Fleet plays well with Munki, Chef, Puppet, and Ansible, as well as with security tools like Crowdstrike and SentinelOne. For example, you can use the free version of Fleet to quickly report on what hosts are actually running your EDR agent.
Free as in free
The free version of Fleet will always be free. Fleet is independently backed and actively maintained with the help of many amazing contributors.
Longevity
The company behind Fleet is founded (and majority-owned) by true believers in open source.
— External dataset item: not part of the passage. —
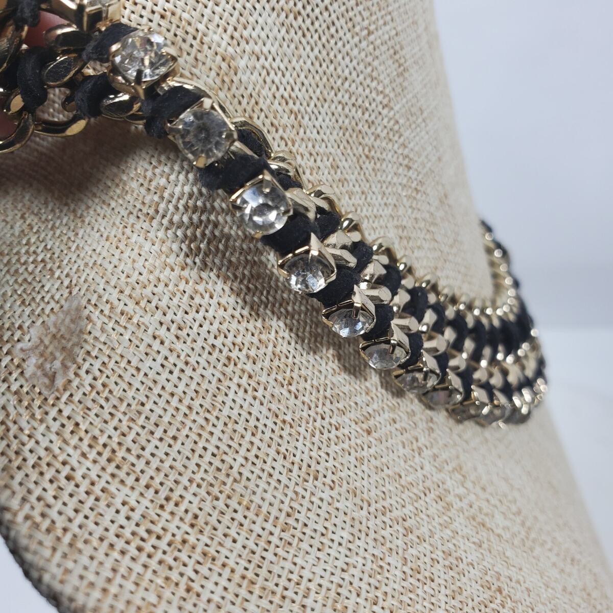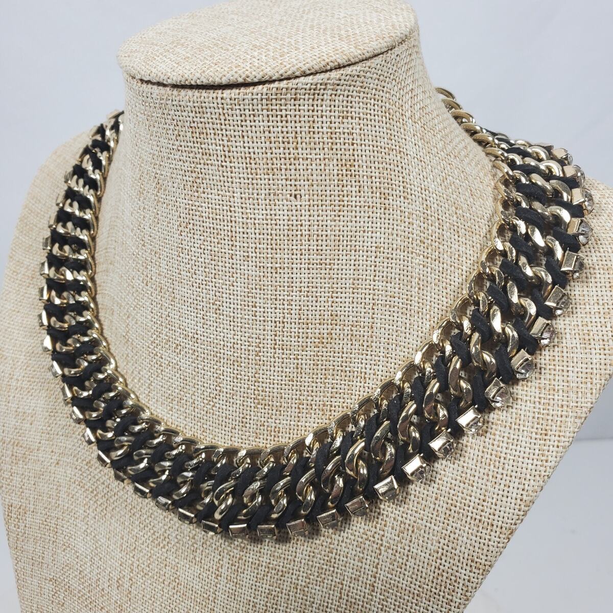 - Vintage Braided Statement Necklace 18 Inch Gold Tone & Black

The company's business model is influenced by GitLab (NYSE: GTLB), with great investors, happy customers, and the capacity to become profitable at any time.
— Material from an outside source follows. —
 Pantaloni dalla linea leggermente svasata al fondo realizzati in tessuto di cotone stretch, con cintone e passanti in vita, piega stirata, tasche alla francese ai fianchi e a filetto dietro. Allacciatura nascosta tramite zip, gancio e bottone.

In keeping with Fleet's value of openness, Fleet Device Management's company handbook is public and open source. You can read about the history of Fleet and osquery and our commitment to improving the product.
Is it any good?
Fleet is used in production by IT and security teams with thousands of laptops and servers. Many deployments support tens of thousands of hosts, and a few large organizations manage deployments as large as 400,000+ hosts.
Chat
Please join us in MacAdmins Slack or in osquery Slack.
The Fleet community is full of kind and helpful people. Whether or not you are a paying customer, if you need help, just ask.
Contributing
The landscape of cybersecurity and IT is too complex. Let's open it up.
Contributions are welcome, whether you answer questions on Slack / GitHub / StackOverflow / LinkedIn / Twitter, improve the documentation or website, write a tutorial, give a talk at a conference or local meetup, give an interview on a podcast, troubleshoot reported issues, or submit a patch. The Fleet code of conduct is on GitHub.
What's next?
To see what Fleet can do, head over to fleetdm.com and try it out for yourself, grab time with one of the maintainers to discuss, or visit the docs and roll it out to your organization.
Production deployment
Fleet is simple enough to spin up for yourself. Or you can have us host it for you. Premium features are available either way.
Documentation
Complete documentation for Fleet can be found at https://fleetdm.com/docs.
License
The free version of Fleet is available under the MIT license. The commercial license is also designed to allow contributions to paid features for users whose employment agreements allow them to contribute to open source projects. (See LICENSE.md for details.)
Fleet is built on osquery, nanoMDM, Nudge, and swiftDialog.